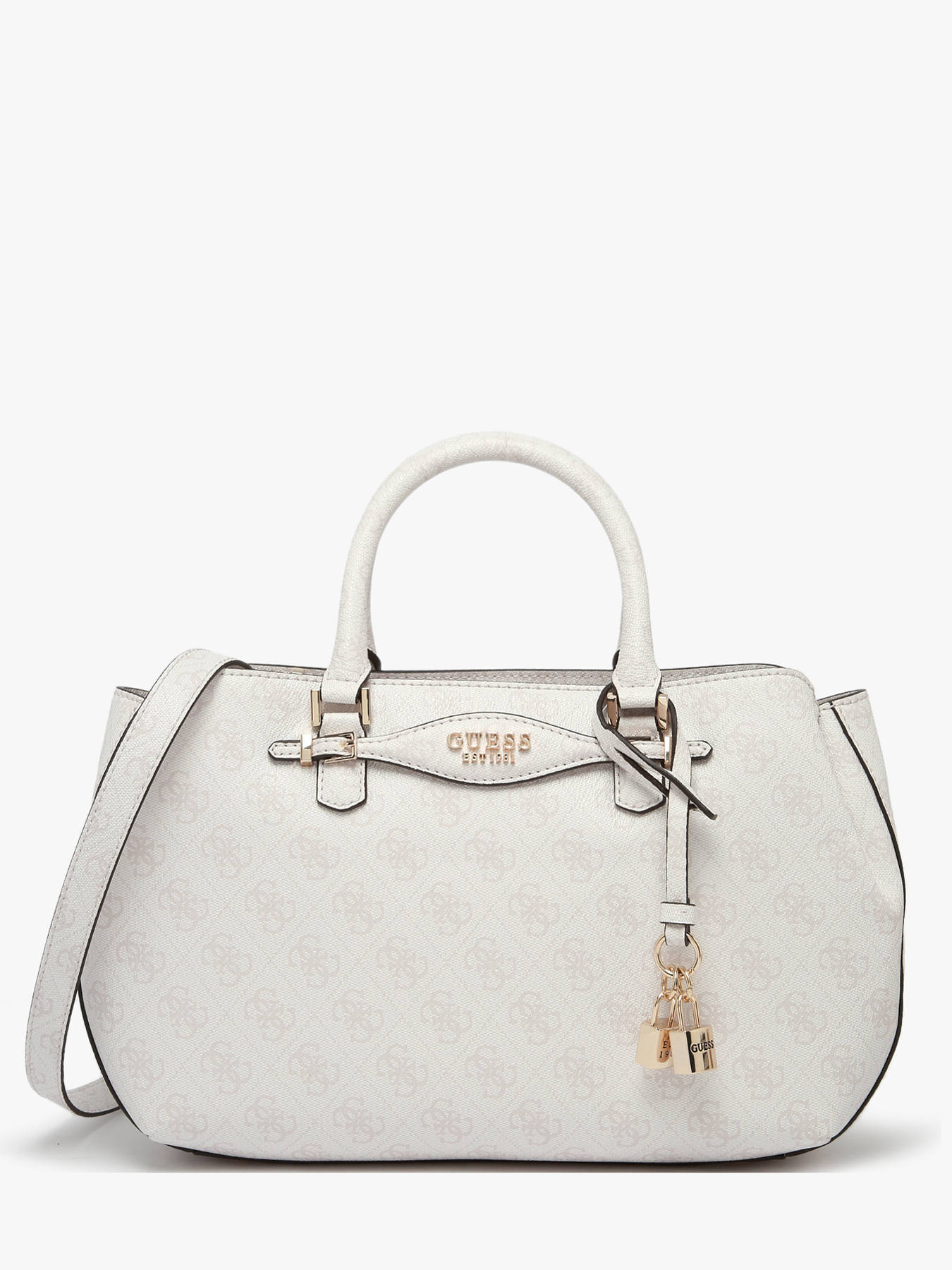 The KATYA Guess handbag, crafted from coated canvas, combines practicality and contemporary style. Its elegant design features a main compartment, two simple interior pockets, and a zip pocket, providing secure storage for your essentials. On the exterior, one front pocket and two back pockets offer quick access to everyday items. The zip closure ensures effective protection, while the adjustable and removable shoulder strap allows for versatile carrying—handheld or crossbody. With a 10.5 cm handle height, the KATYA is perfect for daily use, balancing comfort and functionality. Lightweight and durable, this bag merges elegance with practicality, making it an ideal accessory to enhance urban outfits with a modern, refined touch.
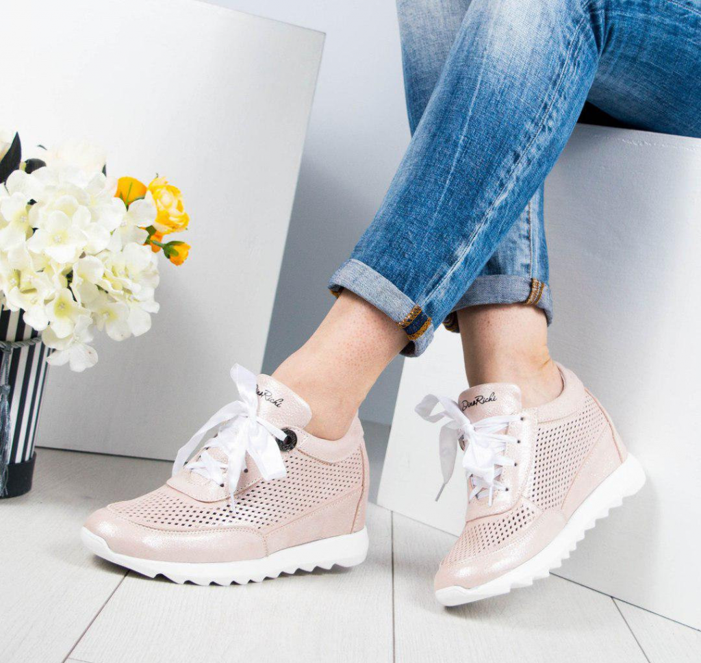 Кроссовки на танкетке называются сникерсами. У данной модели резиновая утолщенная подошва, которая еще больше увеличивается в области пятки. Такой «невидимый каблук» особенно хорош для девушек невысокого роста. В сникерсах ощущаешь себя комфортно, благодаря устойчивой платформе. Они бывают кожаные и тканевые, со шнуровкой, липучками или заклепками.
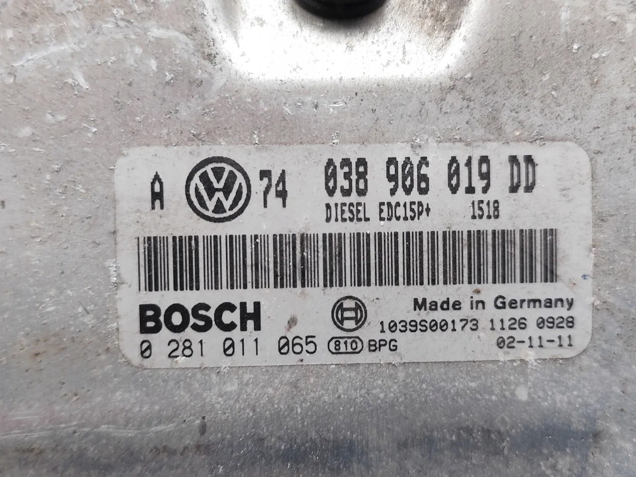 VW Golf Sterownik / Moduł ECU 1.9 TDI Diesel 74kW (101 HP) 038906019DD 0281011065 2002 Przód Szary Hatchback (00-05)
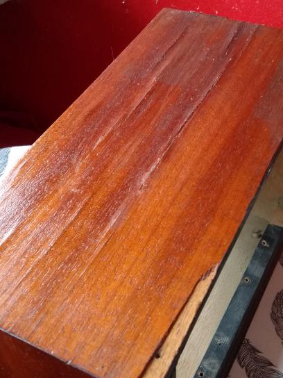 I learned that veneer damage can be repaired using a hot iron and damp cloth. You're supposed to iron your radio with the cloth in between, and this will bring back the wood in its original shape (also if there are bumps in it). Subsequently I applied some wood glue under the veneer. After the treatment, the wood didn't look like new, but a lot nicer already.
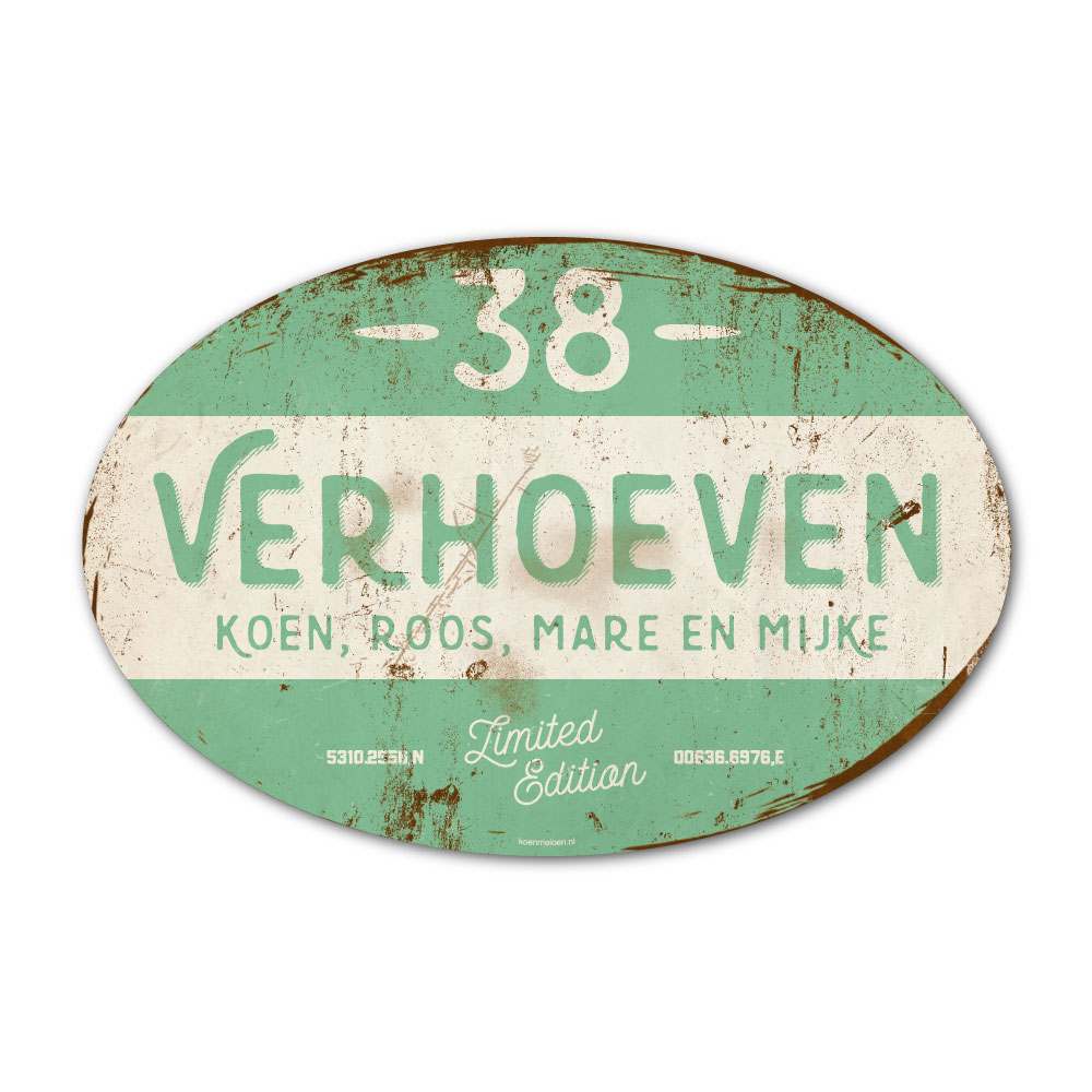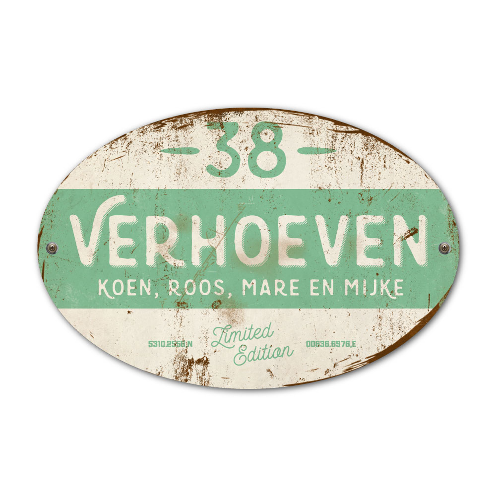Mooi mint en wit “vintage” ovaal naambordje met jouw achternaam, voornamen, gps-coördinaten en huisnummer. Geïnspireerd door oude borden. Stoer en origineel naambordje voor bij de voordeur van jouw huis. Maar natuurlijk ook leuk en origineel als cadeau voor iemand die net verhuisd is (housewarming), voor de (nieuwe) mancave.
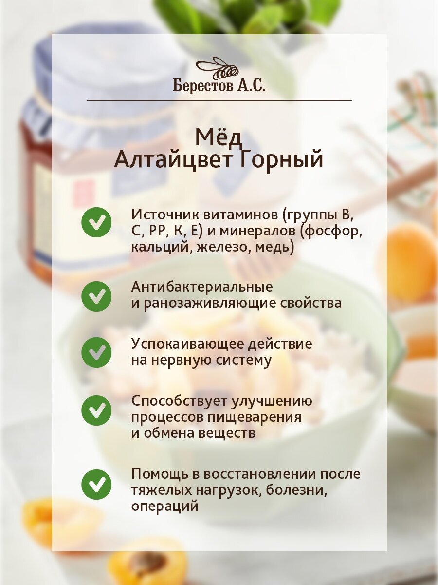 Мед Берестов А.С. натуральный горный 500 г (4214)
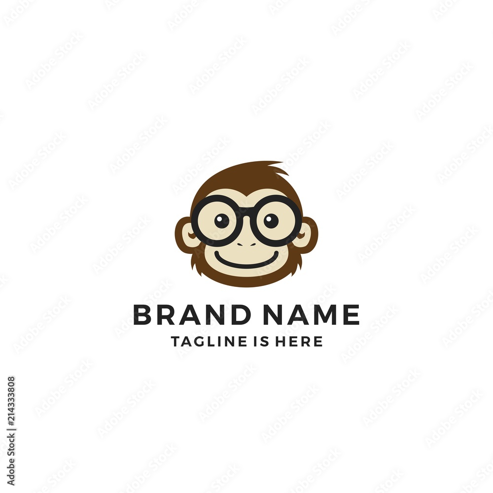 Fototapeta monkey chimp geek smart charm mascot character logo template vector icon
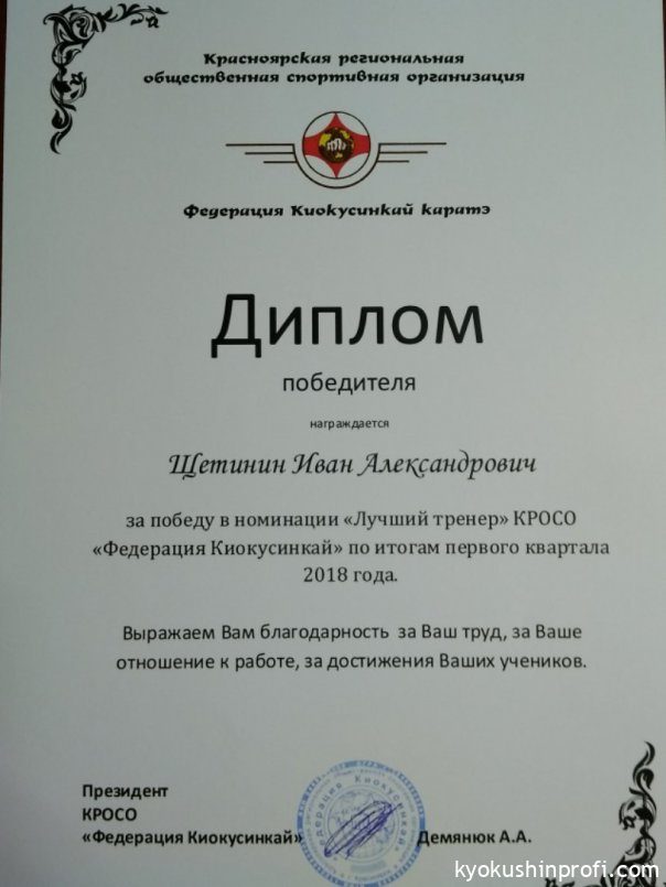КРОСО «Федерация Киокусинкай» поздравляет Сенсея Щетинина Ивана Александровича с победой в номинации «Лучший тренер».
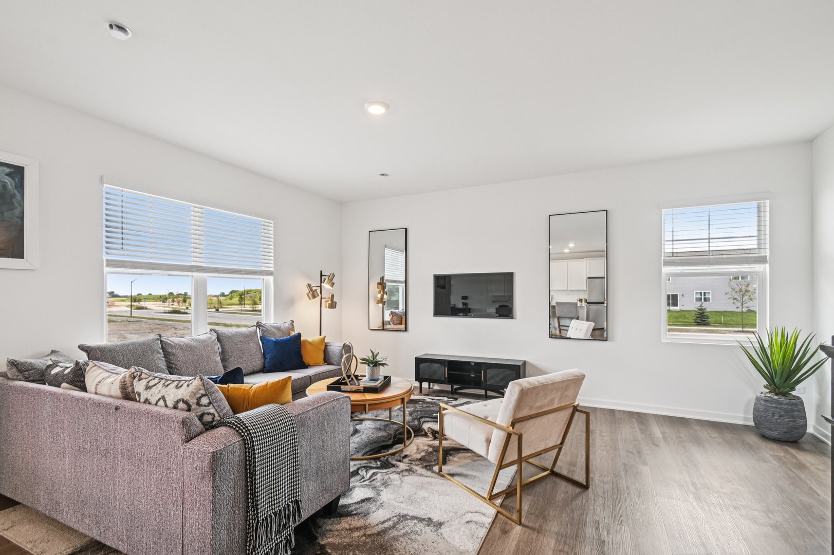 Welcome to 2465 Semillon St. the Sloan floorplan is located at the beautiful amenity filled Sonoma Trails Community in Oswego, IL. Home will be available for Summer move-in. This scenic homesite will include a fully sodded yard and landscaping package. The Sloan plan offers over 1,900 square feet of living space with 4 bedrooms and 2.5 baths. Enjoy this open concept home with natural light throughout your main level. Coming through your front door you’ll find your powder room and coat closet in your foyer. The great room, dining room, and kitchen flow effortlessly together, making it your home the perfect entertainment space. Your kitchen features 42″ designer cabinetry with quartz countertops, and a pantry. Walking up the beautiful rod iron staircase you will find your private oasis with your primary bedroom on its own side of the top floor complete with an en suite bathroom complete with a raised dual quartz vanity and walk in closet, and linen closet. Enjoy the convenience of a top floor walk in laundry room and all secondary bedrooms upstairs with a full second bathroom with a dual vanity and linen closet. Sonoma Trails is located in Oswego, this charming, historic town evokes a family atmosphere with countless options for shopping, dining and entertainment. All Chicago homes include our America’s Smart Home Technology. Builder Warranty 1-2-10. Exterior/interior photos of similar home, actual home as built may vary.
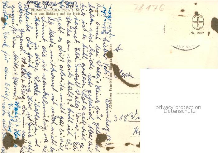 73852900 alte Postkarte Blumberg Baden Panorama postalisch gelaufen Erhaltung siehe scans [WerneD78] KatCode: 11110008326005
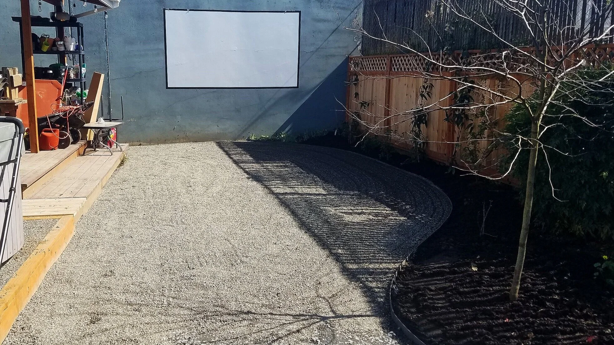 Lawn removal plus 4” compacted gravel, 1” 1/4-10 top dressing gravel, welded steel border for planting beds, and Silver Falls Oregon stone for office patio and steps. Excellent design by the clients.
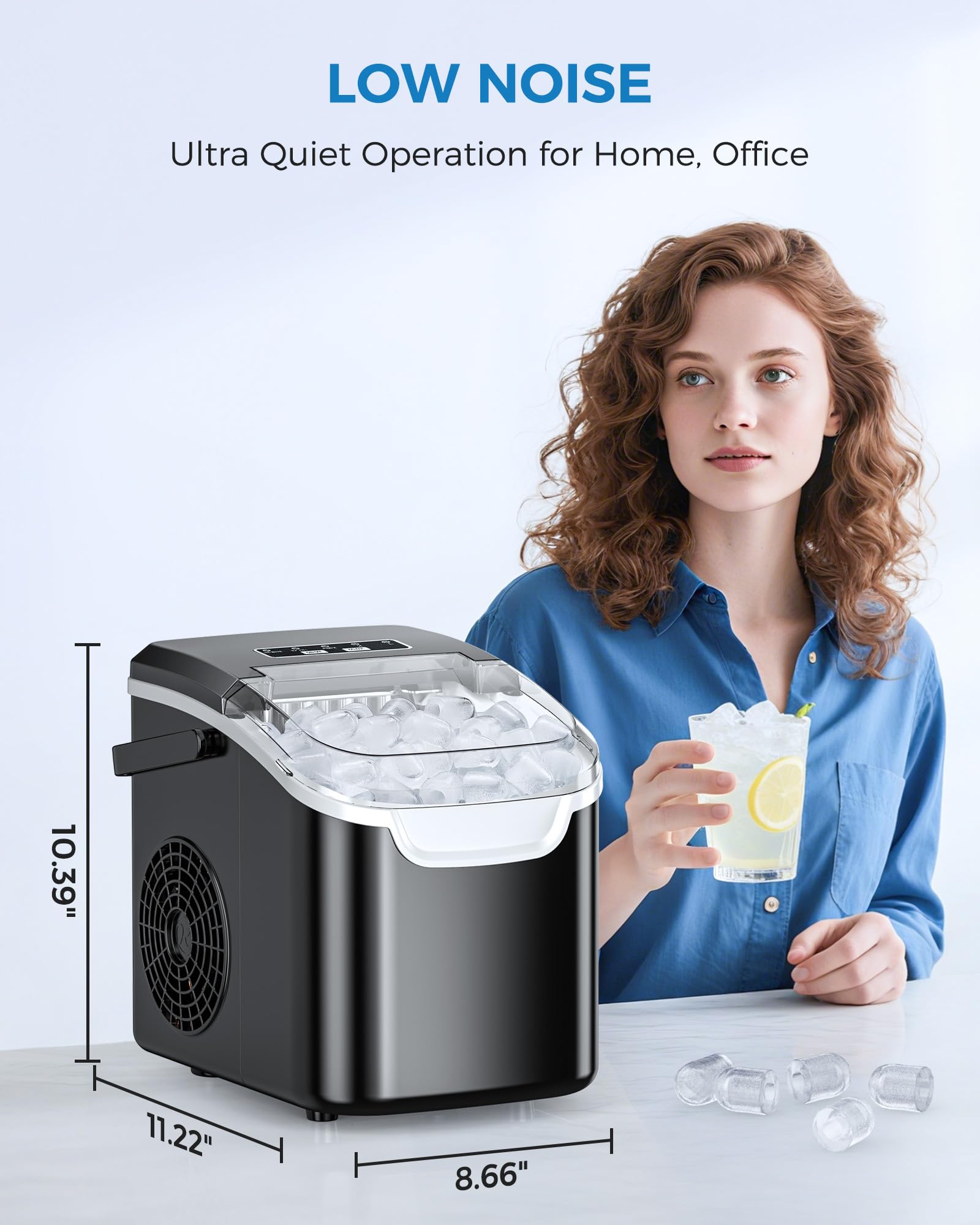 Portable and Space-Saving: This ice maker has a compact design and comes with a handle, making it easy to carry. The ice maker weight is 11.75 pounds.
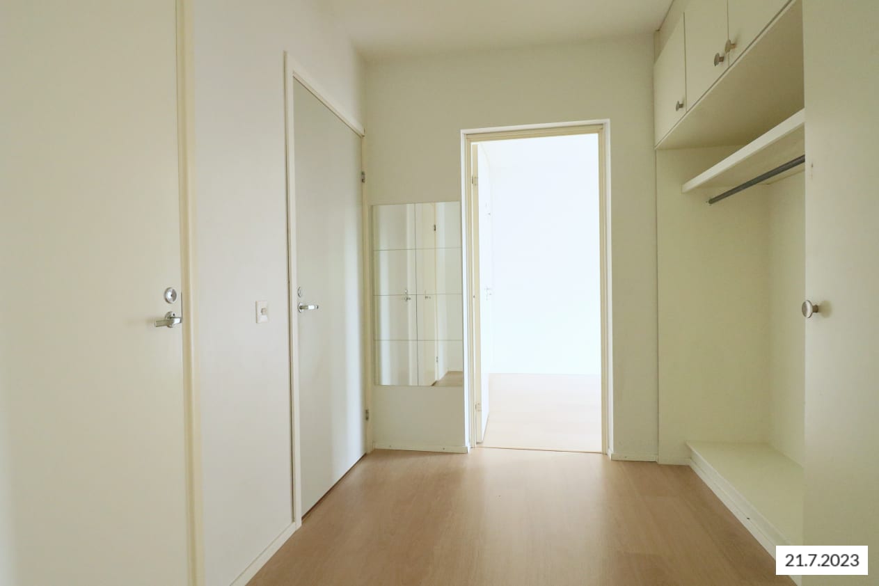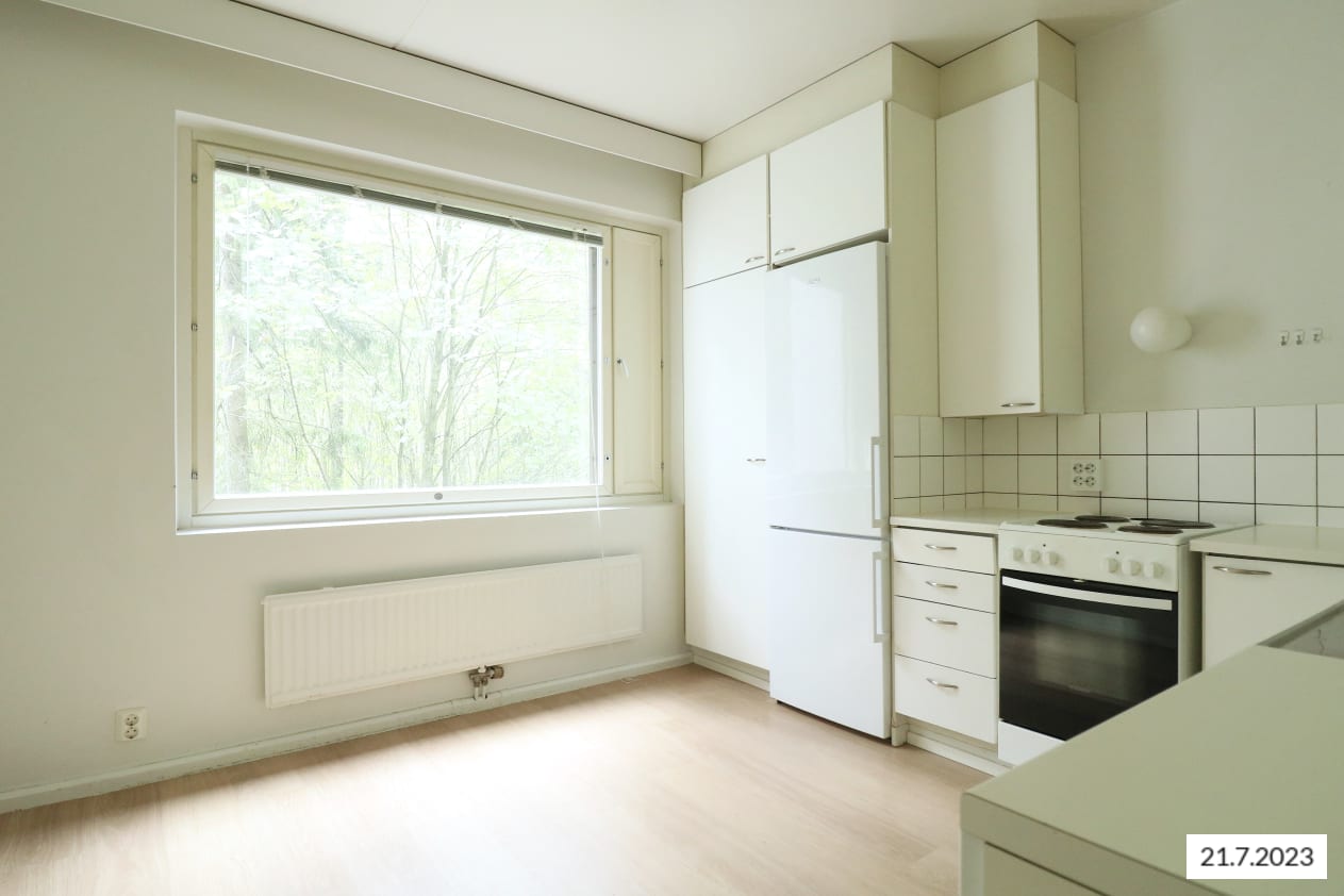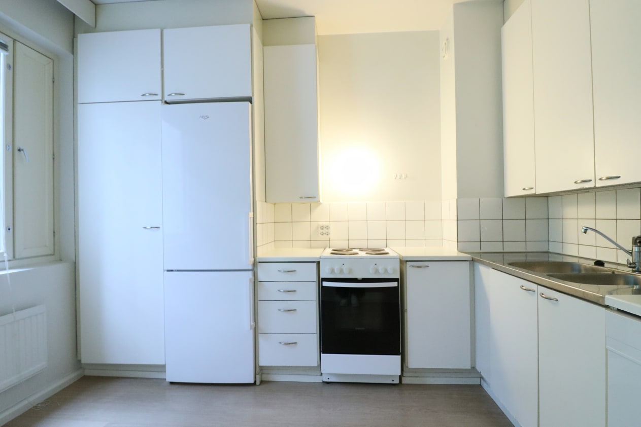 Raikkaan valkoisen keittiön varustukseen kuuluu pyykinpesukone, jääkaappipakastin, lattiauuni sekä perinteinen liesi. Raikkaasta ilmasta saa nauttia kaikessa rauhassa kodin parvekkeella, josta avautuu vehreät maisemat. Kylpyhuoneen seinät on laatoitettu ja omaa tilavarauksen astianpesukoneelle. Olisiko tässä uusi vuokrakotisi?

▶ _Task description_: A word-for-word reproduction is needed of the lines above from the line containing "Welcome to 2465" through the line containing "73852900 alte Postkarte", with both ends kept and no pictures.

▶ _Result of the task_:
 Welcome to 2465 Semillon St. the Sloan floorplan is located at the beautiful amenity filled Sonoma Trails Community in Oswego, IL. Home will be available for Summer move-in. This scenic homesite will include a fully sodded yard and landscaping package. The Sloan plan offers over 1,900 square feet of living space with 4 bedrooms and 2.5 baths. Enjoy this open concept home with natural light throughout your main level. Coming through your front door you’ll find your powder room and coat closet in your foyer. The great room, dining room, and kitchen flow effortlessly together, making it your home the perfect entertainment space. Your kitchen features 42″ designer cabinetry with quartz countertops, and a pantry. Walking up the beautiful rod iron staircase you will find your private oasis with your primary bedroom on its own side of the top floor complete with an en suite bathroom complete with a raised dual quartz vanity and walk in closet, and linen closet. Enjoy the convenience of a top floor walk in laundry room and all secondary bedrooms upstairs with a full second bathroom with a dual vanity and linen closet. Sonoma Trails is located in Oswego, this charming, historic town evokes a family atmosphere with countless options for shopping, dining and entertainment. All Chicago homes include our America’s Smart Home Technology. Builder Warranty 1-2-10. Exterior/interior photos of similar home, actual home as built may vary.
 73852900 alte Postkarte Blumberg Baden Panorama postalisch gelaufen Erhaltung siehe scans [WerneD78] KatCode: 11110008326005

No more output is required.